Many insurer executives, while ready to take advantage of their status as an exclusive source for their patented products, said that they would consider licenses to permit other companies to sell those products. However, that hasn't happened to a significant extent.

The next big thing

Advisers indicated that most of the patented and patent-pending products they have encountered so far have not been major innovations.

"Some of the patents are for relatively minor tweaks, and there are materially similar features available from other companies," said Anthony Domino, president of both the Society of Financial Service Professionals in Newtown Square, Pa., and Associated Benefit Consultants Inc. in White Plains, N.Y.

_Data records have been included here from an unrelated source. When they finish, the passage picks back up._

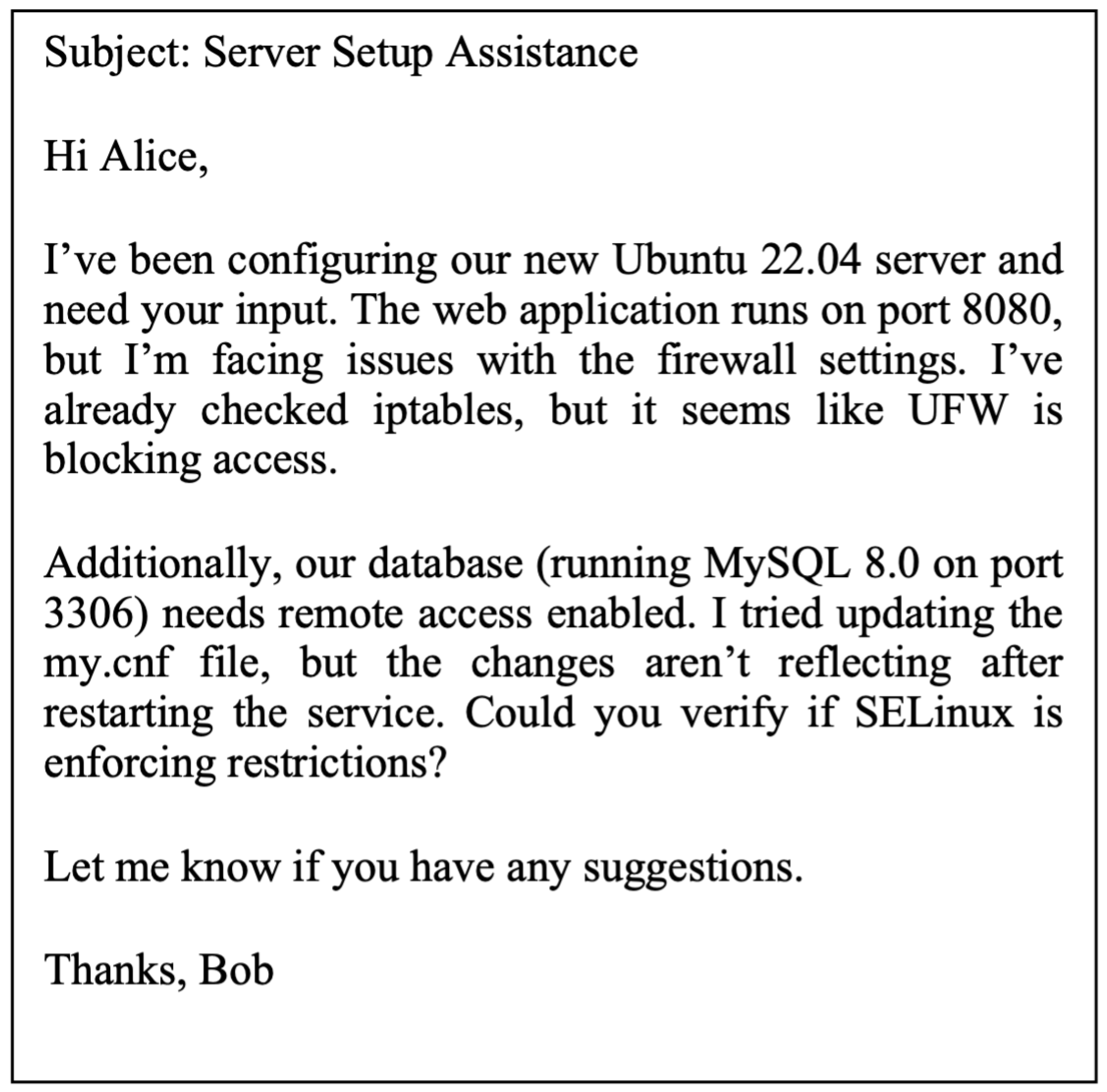 Figure 1: an internal e-mail sent by Bob to Alice via the organization’s corporate communication system. This example typifies the type of interaction that is targeted for analysis in this study.
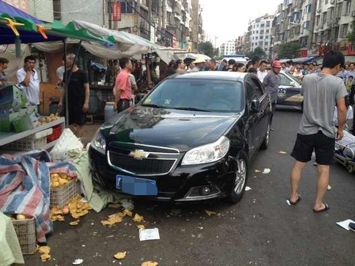悲剧发生在7月6日下午14时许,嵊州市三江街道四海路,烈日当空,正是一天中最热的时段。突然,路人发现一辆由东向西行驶的黑色雪弗兰小轿车失去控制,一头撞向一辆路边停靠的蓝色力帆牌小轿车后,又撞向另一侧路边的水果摊。直至轮胎掐住水果摊的水果篮,这辆雪弗兰才戛然停下。
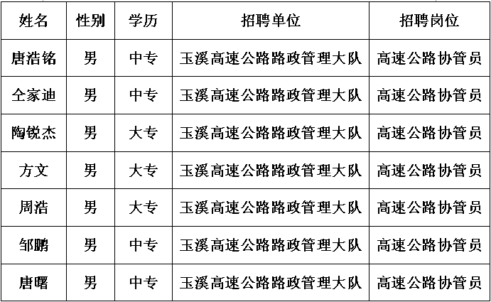 玉溪高速公路路政管理大隊(duì)面試人員名單公示如下:
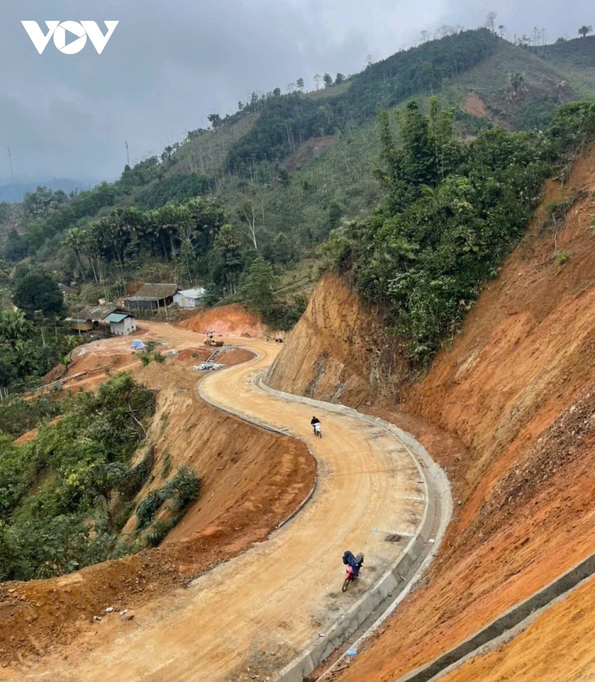 Sau bão lũ, chính quyền địa phương đã khắc phục tạm thời để đảm bảo giao thông thiết yếu. Do nguồn lực hạn chế, địa hình phức tạp, người dân vẫn mong mỏi có một tuyến đường mới để việc đi lại, giao thương thuận lợi.
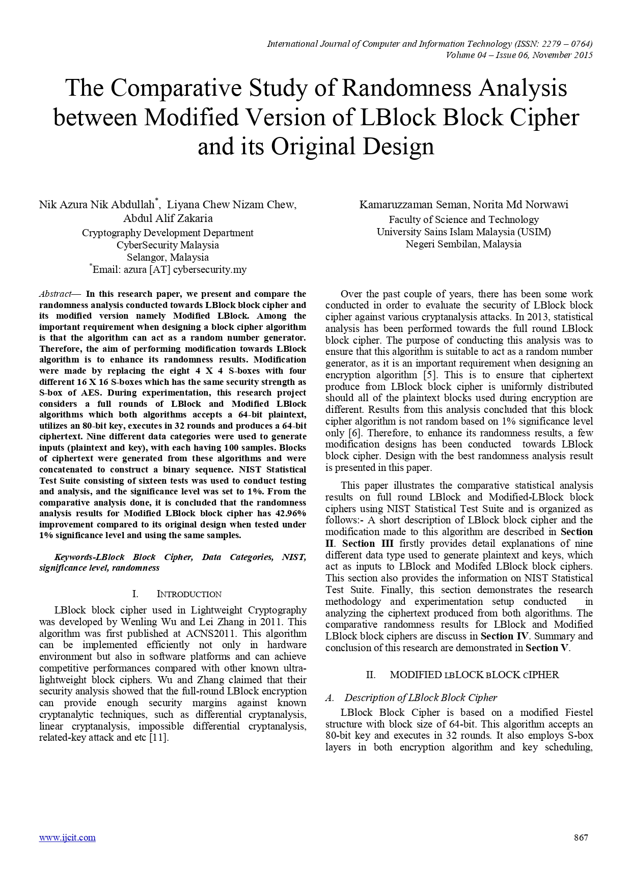 The Comparative Study Of Randomness Analysis Between Modified Version of LBlock Block Cipher And Its Original Design
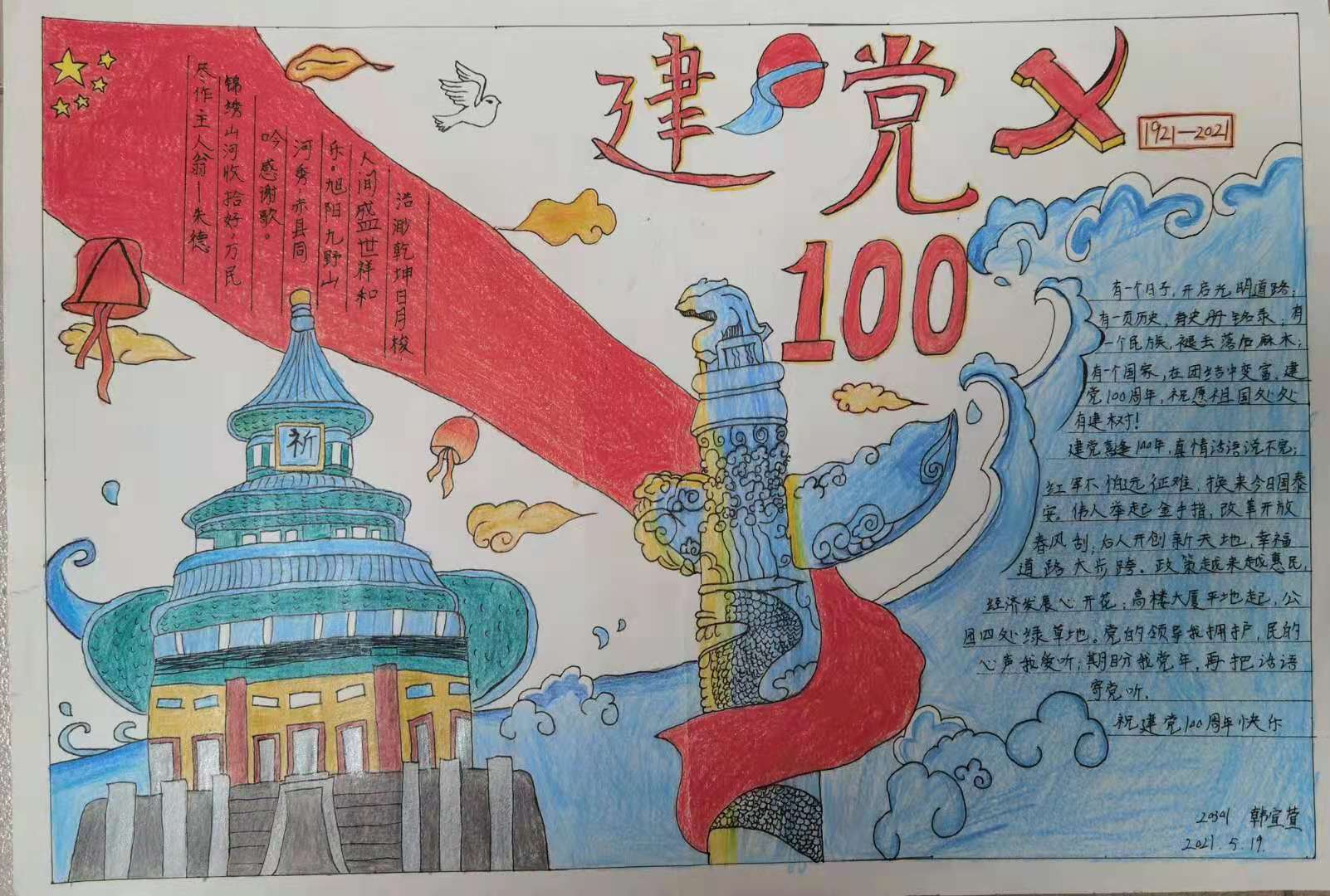 今年是中国共产党成立100周年,为了纪念党的生日,引导学生认识到党的光辉历程,怀念过去,展望未来,明白新时代的少年所肩负的责任。经贸管理系部学生助理于秀老师组织举办,关于“建党100周年”的手抄报比赛活动,并取得了圆满成功。各班同学都踊跃报名参加,提交了丰富多彩的作品。有的呈现党的光辉业绩,有的呈现党的奋斗历史……展现了良好的素质能力和爱党情怀。

"I think the insurers are using patents to create a feeling of product selectivity and not to restrict access to products," added Mr. Domino, whose organization represents insurance industry financial advisers.

"It's true that in the insurance industry right now there are a lot of small steps being patented because big steps don't happen all that often," responded Mr. Henry. "But there may be patent applications out there that are the next generation's variable annuity or universal life policy," he said.

"For any new or novel product, it has become standard practice at our company to talk to our patent counsel to see if a patent application should be filed," said Dan Herr, assistant vice president and income annuity product manager for Lincoln National in Hartford, Conn.

Patents solve the problem of competitors' reverse-engineering products and entering markets as "fast followers," he added. "By obtaining a patent, we can maintain our first-mover advantage."

"The decision to pursue a patent is a business unit decision, and the process is facilitated by the company's office of general counsel," said Jennifer Monnin, a Nationwide spokeswoman. "Nationwide is the owner of a number of filed and issued patents."

Lincoln recently was granted a patent on its i4LIFE Advantage, a variable annuity feature that combines a host of guarantees, coupled with increased access to and control over invested funds.

"Our goal is not to limit adviser choices or clear the market for ourselves," said Mr. Herr. He added that Lincoln would consider licensing its patents to other insurers - or seek licenses from other insurers that have patented their own products - to help its adviser network.

Riders protected

Nationwide has a patent pending on its Step-up Guarantee feature, a new variable annuity rider. "This guarantee ensures that variable income payments will be equal to at least 75% of the initial variable payment amount as calculated on the contract issue date," noted Keith Millner, senior vice president for the in-retirement business market.

American Express has a patent pending on the Accumulation Protector Benefit for its variable annuity line. The rider is "unique," said Lynn Abbott, vice president of national sales and strategic alliances, because it gives clients the ability to access the investment in any way they want to at the end of a designated waiting period.

Protective Life's patent protects a system rather than a product. "We have a patent pending on an online quote- and order-entering system for stockbrokers submitting life insurance applications," said Eric Miller, vice president and national marketing director.

Patents have been sought for systems that underwrite joint life insurance and long-term-care products, recover loan repayments in the event of disability and calculate life insurance premiums based on health insurance data, Mr. Henry said.